Sozialistische Zeitung

Zur SoZ-Homepage SoZ - Sozialistische Zeitung Nr.06 vom 15.03.2001, Seite 5

Zwang schafft keine Perspektiven

Köln: Aktivierender Sozialstaat gegen junge Arbeitslose

Mit Formeln wie "Aktivierender Sozialstaat" und "Fördern und Fordern" beschreibt die rot-grüne neue Mitte ihr gewendetes Verständnis der sozialen Sicherungssysteme.

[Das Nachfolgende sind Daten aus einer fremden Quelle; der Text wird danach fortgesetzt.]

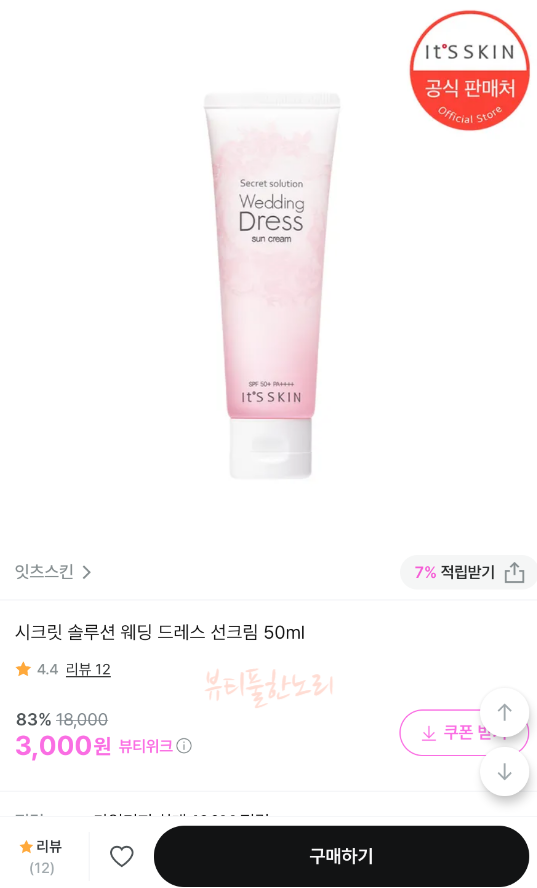 잇츠스킨 시크릿 솔루션 웨딩 드레스 선크림 50ml 3,000

Während bei der Rentenreform der Bruch mit den Grundlagen der paritätischen Finanzierung des immer lückenhafteren sozialen Netzes offenkundig werden, vollzieht sich dieser Politikwechsel im Bereich der Arbeitslosenversicherung zwar relativ lautlos, aber um so effektiver: "Fördern und Fordern" heißt im Klartext: Arbeitszwang, durchgesetzt als faktischer Arbeitszwang durch die Androhung und Kürzung von Arbeitslosen- und Sozialhilfe.
Lange bevor der neu gewählte BDI-Chef Michael Rogowski im Januar von der Bundesregierung mehr Druck auf Arbeitslose forderte, auch schlecht bezahlte Arbeit anzunehmen, hatte die Bundesregierung schon gehorcht; neben der stetigen Verschärfung von Zumutbarkeitsbedingungen geht es im Kern des Projekts um die faktische Zusammenführung von Arbeitslosen- und Sozialhilfe und die Kombination der darin enthaltenen Sanktionen gegen "Arbeitsunwillige".
Mit einem Experimentiergesetz "zur Verbesserung der Kooperation von Arbeits- und Sozialämtern" vom November 2000 hat die rot-grüne Regierung z.B. die Verbesserung des Datenabgleichs zu Lasten der HilfeempfängerInnen ermöglicht: Wissenschaftlich begleitet von der Bertelsmann-Stiftung werden bundesweit 20 örtliche Projekte gefördert, mit dem Ziel, "die Hilfebedürftigkeit zu überwinden und die Bedingungen zu ihrer beruflichen Eingliederung in den regulären Arbeitsmarkt zu verbessern", wie die Bundesregierung in der Antwort auf eine kleine Anfrage der PDS-Fraktion im Bundestag formulierte.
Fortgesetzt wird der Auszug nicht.